As the insurance industry continues to undergo a profound digital transformation, three main drivers are telematics in auto insurance, “connected health” apps in health insurance, and alternative data in all insurance sectors. Each of these innovations in insurance technology, or insurtech, presents potential benefits and risks to both consumers and providers.
Among the benefits, new technologies and data sources can increase consumer access to insurance, expand choice and convenience, improve pricing, and better inform decision-making. For insurance companies, new technologies and data may also result in more accurate underwriting and pricing, enhanced product offerings and customer experiences, and improved fraud detection.
However, insurtech risks include privacy violations, data breaches, and the fallibility of alternative data, as new risks emerge regarding information security, data accuracy, consumer fairness, and other essentials. This article elaborates the risks and recommends steps to manage them.
Auto insurers have access to an increasing volume of information collected by telematics, which merges telecommunications with information processing to remotely monitor location, condition, and other data related to individual automobiles.
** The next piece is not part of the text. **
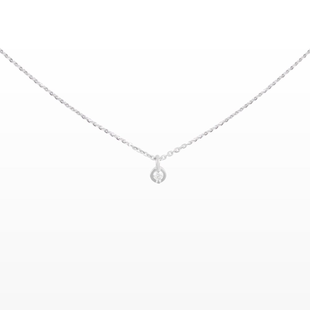 Chiếc dây chuyền mang thiết kế tối giản với mặt dây hình tròn nhỏ nhắn, ôm trọn viên kim cương lấp lánh ở trung tâm. Vẻ đẹp tinh tế của đường tròn mềm mại kết hợp cùng ánh sáng trong trẻo của viên tạo nên tổng thể thanh lịch và cuốn hút.

In practice, a policyholder either inserts a telematic device into a car’s onboard diagnostic port, accessing the vehicle’s computer, or installs a telematics app on a smart phone.
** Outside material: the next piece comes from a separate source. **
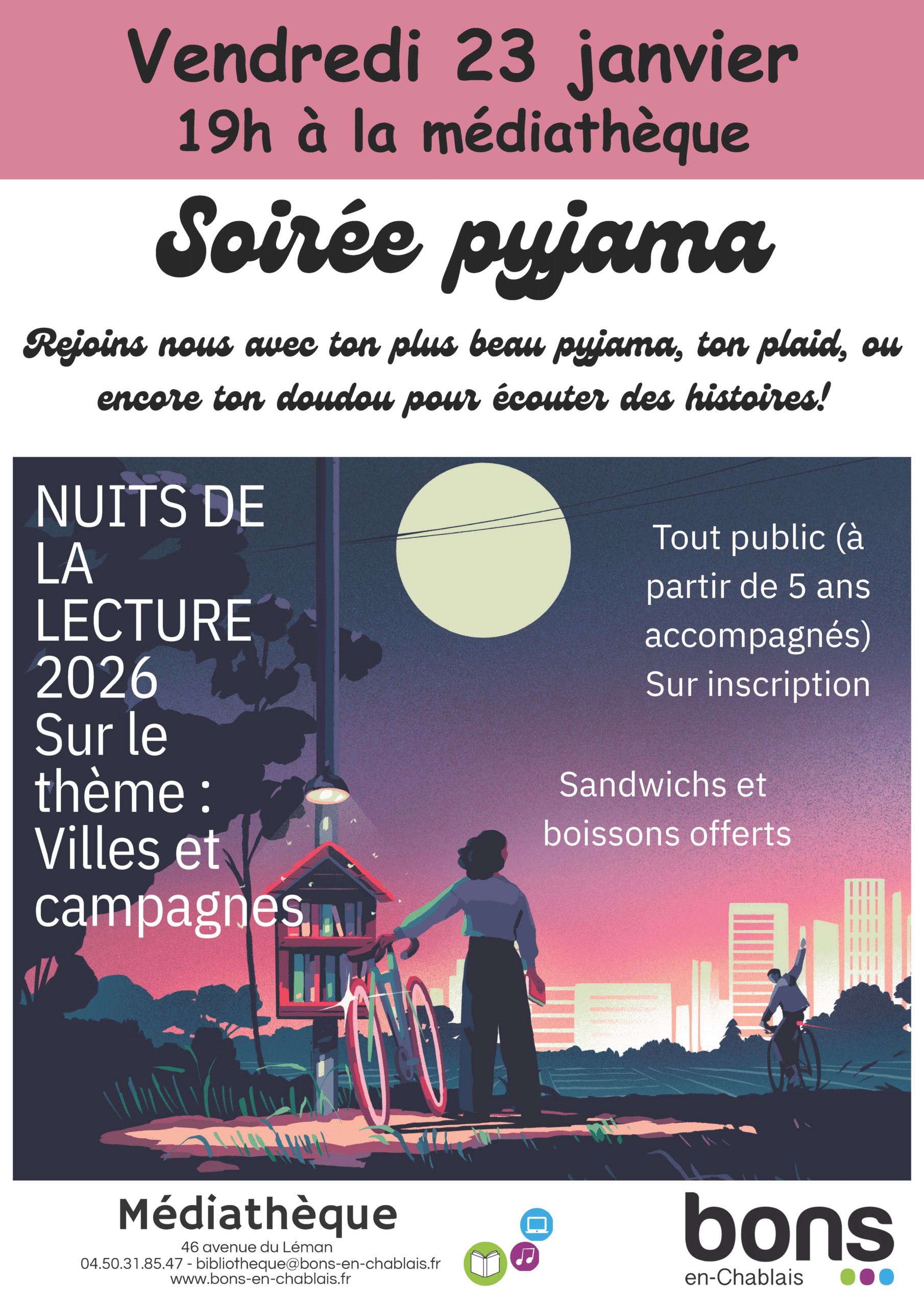 Dans le cadre des nuits de la lecture 2026, la médiathèque propose une soirée pyjama, dès 19h, à la médiathèque.

Data available via the diagnostic port could include location, date and time of vehicle use, driving time and distance, air bag deployment, instances of hard braking or cornering, acceleration rates, lane stability, activation of the vehicle collision warning or automatic emergency braking systems, and road conditions. App-based telematics could gather driving speed, distance, location, acceleration, and braking, as well as instances of distracted driving, such as calls, texts, or other apps used while in motion.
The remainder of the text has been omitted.